A transcript of the original mediaeval French charter follows:

Nous Henri counte de Lancastre de Derby de Leycestre et seneschal d'engletere William de Clynton counte de Huntyngdon Renaud de Cobham Gautier sire de Manney William Lovel Stevene de Cosinton comis de monseigneur le roi d'engletere et de ffraunce aoier trier et jugger toutes maniers de batz d'armes et heames de dayntz son host en son siege devant Caleys fessouns savoir as touz presens avenir cestes.....ou ….... come Johan fiz et heir monseigneur Johan de Warbelton se plaint devant nous / Tibaud fiz monseigneur Tibaud Russel se appela …... nom de Gorges porta ses armes cestassavoir lozenge d'or et d'aszeur ... sanz diffrence et ... les ditz Johan et Tibaud jurres et examinez personalement devant nous et … … … et evidences … … … come d'autre … fust... par sang come par tesmoignance d'aunciens chivalers de leurs pays / les auncestres le dit Johan d'auncestre en auncestre du temps... ...memoire ont porte les dites armes sanz chaunge / Et vu monsiegneur Rauf de Gorges ayel de cestuy Tibaud susdit lessa ses armes et (prist?) les armes susdites de volunte et vu de ses heirs morust sanz heir male / et fust le dit Tibaut fiz de sa soer augge fust par bon delib(er)acon et avis par nous les dits armes au dit Johan heritablement Et nous avant dit Henri et William countes Renaud Gautier baneretz et William Stevene chivaler susdites a cestes (lettres ouvertes?) avons fait mettre nos seaux en tesmoignance de vite et de perpetuel record Done au dite siege en la veille de seynte Margrete l'an du grace mill CCC qaraunte sept.

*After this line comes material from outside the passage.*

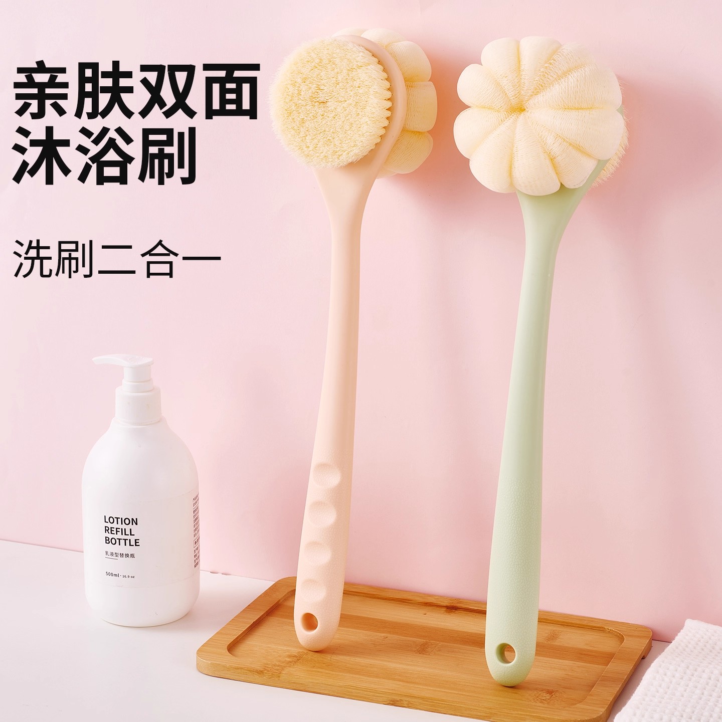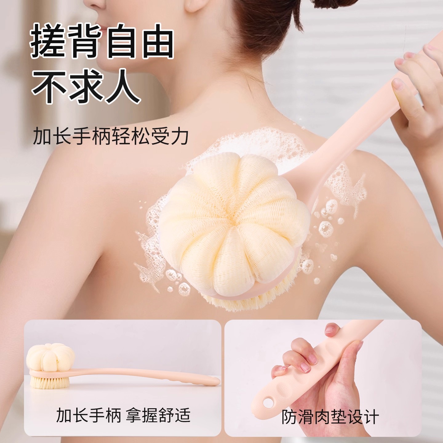 洗澡刷搓背不求人长柄刷软毛刷子双面沐浴刷搓泥去灰搓澡刷背神器

Translation:We Henry, Earl of Lancaster, Derby and Leicester, seneschal of England; William de Clinton, Earl of Huntingdon; Reginald de Cobham; Walter Lord de Manny; William Lovel; Steven de Cosinton; commissioned by the lord king of England and of France to hear, try and judge all manner of disputes of arms and helms (i.e.crests?) within his host in the siege before Calais, make known to all present and future this (decree). Whereas John son & heir of Sir John de Warbelton makes plaint before us; Theobald son of Sir Theobald Russell calls himself by name of de Gorges carries his arms, that is to say lozengy or and azure … without difference and … the said John & Theobald have been sworn and examined personally before ourselves … and evidence … (taken) … by blood as well as by witness of ancient knights of their counties; the ancestors of the said John from ancestor to ancestor from time (immemorial) have borne the said arms without change; and Sir Ralph de Gorges uncle of the present Theobald herestated relinquished his arms and took up the said arms voluntarily and his heirs died without male heir; and the said Theobald was the son of his sister. It has been adjudged by good deliberation and counsel by us that the said arms (belong to) the said John hereditably. And we the foresaid Henry and William, earls; Reginald, Walter, bannerets; and William, Steven, knights; above stated, to these (letters patent?) have caused to be placed our seals in witness as present and perpetual record. Given at the said siege on the eve of St Margaret (i.e. 19th July) the year of grace one thousand three hundred and forty-seven.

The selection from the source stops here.